От усталости по лицу мальчика катились слёзы. Дети, сопя носами, старались как можно точнее переносить черты модели на бумагу – боялись учителя: не получить бы затрещины, а то ещё ненароком и выгонит.
За забором, примостившись на земле,
полулёжа, измученную фигуру друга рисовал белобрысый пацан лет одиннадцати, –
от усердия даже кончик языка высунул. Окончил рисунок, подполз поближе к
навесу, – но так, чтобы не видно было учителю, – и прошептал:
– Ергали, миленький, потерпи ещё
немножко. Я уже один рубль двадцать копеек собрал. Всю ночь работал, учителю
кубок и кружку сделал. Как только протрезвеет, я ему подарю и за тебя уплачу.

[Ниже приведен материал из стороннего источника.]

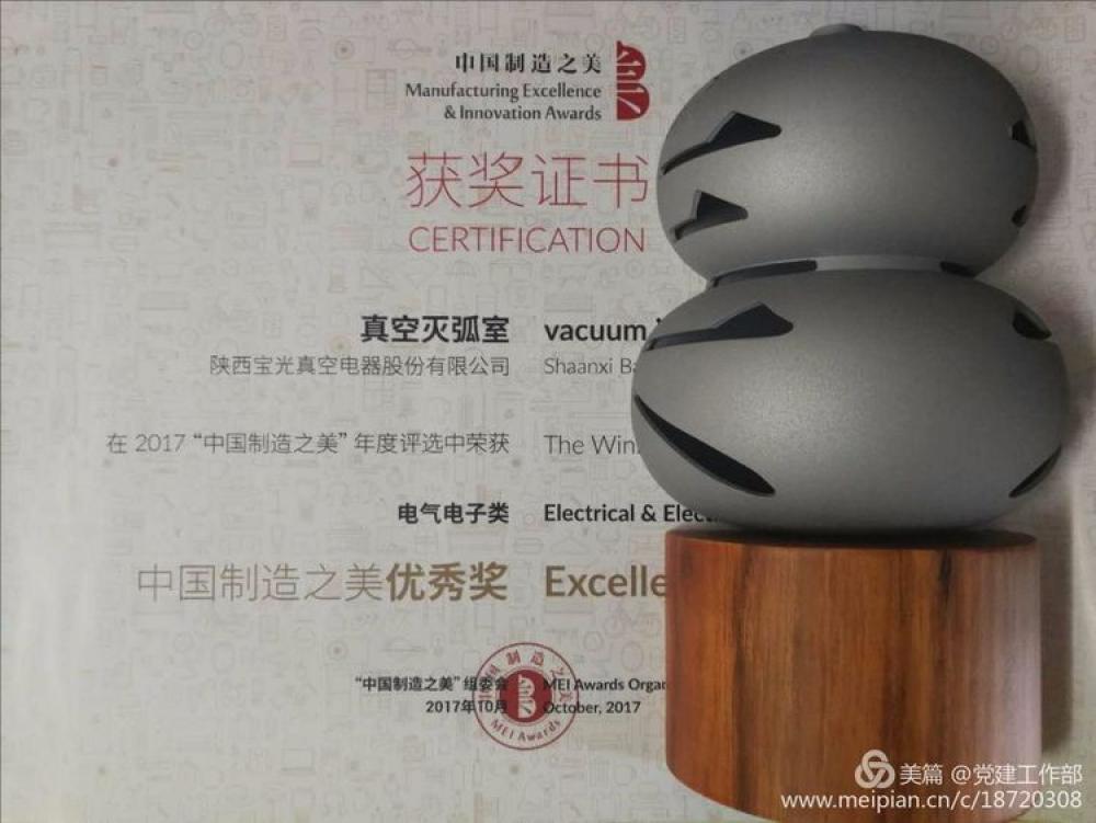 - 真空滅弧室榮獲中國制造之美優秀獎
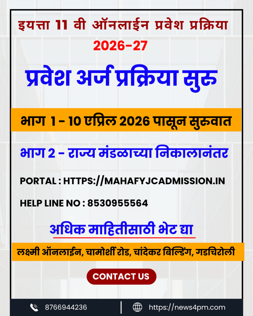 Finally. इयत्ता १० वी परीक्षेस प्रविष्ट झालेल्या राज्य मंडळाच्या विद्यार्थ्यांसाठी महत्वाची सूचना. इयत्ता ११ वी च्या प्रवेशासाठी ऑनलाईन प्रक्रिया सुरु झाली आहे. १० एप्रिल २०२६ पासून Students Registration सुरु झालेले आहे. परीक्षेच्या निकालानंतर प्रवेश प्रक्रियेचा भाग २ सुरु होणार आहे. विद्यार्थ्यांनी आपले Registration करून घेण्याचे आव्हाहन करण्यात आलेले आहे.

Натурщик скосил глаза в сторону
забора, глубоко вздохнул и ещё больше согнулся. От закадычного дружка Егорки он
уже давно слышит, каждый день, одно и то же.
– Я тебе честно, честно говорю, деньги я уже скопил. Вот, смотри. Кончится урок – подойду к учителю.
По телу Ергали быстрой змейкой
пробежала едва заметная дрожь.
– Не хочешь, ну, ладно. Подождём,
когда он будет трезвый.
Учитель, шатаясь, пробирался между
столами и указкой щёлкал по ребячьим головам.
– Быдло… Не могут уловить главное...
На большой доске несколькими штрихами мела он изобразил мальчика, да так выразительно! Дети в восхищении смотрели то на рисунок, то на учителя, каждый перенимал увиденное, забывалась боль и обида.
Учитель опять ушёл в себя. Он стоял,
покачиваясь, и смотрел на горы, изредка по лицу его пробегала тень. Дети
показывали друг другу рисунки, торопясь, жевали кусочки хлеба, которые
припрятали в одежонках. Шептались разноречиво: русские и казахские слова
вперемешку, но каждому было всё понятно.
Егорка увлёкся: рисовал глубоко
задумавшегося старого учителя, опершегося о край стола – худой, лысоватый, с
высоким лбом, с впавшими грустными глазами, устремлёнными вдаль. Казалось, он
вот-вот сорвётся с места и побежит, – нет, полетит, – туда, где его сердце, но
что-то ему не даёт взлететь. Впереди свет, белые шапки гор, сзади – чёрная
пропасть.
…Где его сердце? Усохло. Замолкло,
перестало биться вместе с кончиной любимой. Была невеста – родители вздыбились:
что, за учителишку, за маляра? Да ни в жисть! И отравилась невеста. В белом
платье не у алтаря встала – в гроб улеглась.
И стал художник от самого себя
убегать. Только от себя куда б ни ушёл, всё на том же месте стоишь.
…Вот горы – утешение. И ещё эта
мелюзга бестолковая. Рисовать захотели. А дар? Божий дар где? У кого есть, у
того платить учителю нечем. А должен он пить-есть? И – выпить. Без этого –
вовсе погибель…
Но вот удар по куску железа.
Перемена. Дети разом вскочили и разбежались по двору. Очнулся и учитель.
Досадливо стукнув по доске указкой, побрёл в дом. Дом… Лачуга – не дом. Где
никто не ждёт.
Егорка выскочил из своей засады,
спрятав в холщовую сумку рисунки, подбежал к другу и стал растирать ему
затекшие ноги. Ласково заглядывал в глаза, по-казахски лопотал бегло:
– Потерпи, потерпи ещё немного. Скоро
ты тоже будешь рисовать. Меня хозяин отпустит, обязательно отпустит домой, я
попрошу у мамы денег на учебу. Она добрая, она даст.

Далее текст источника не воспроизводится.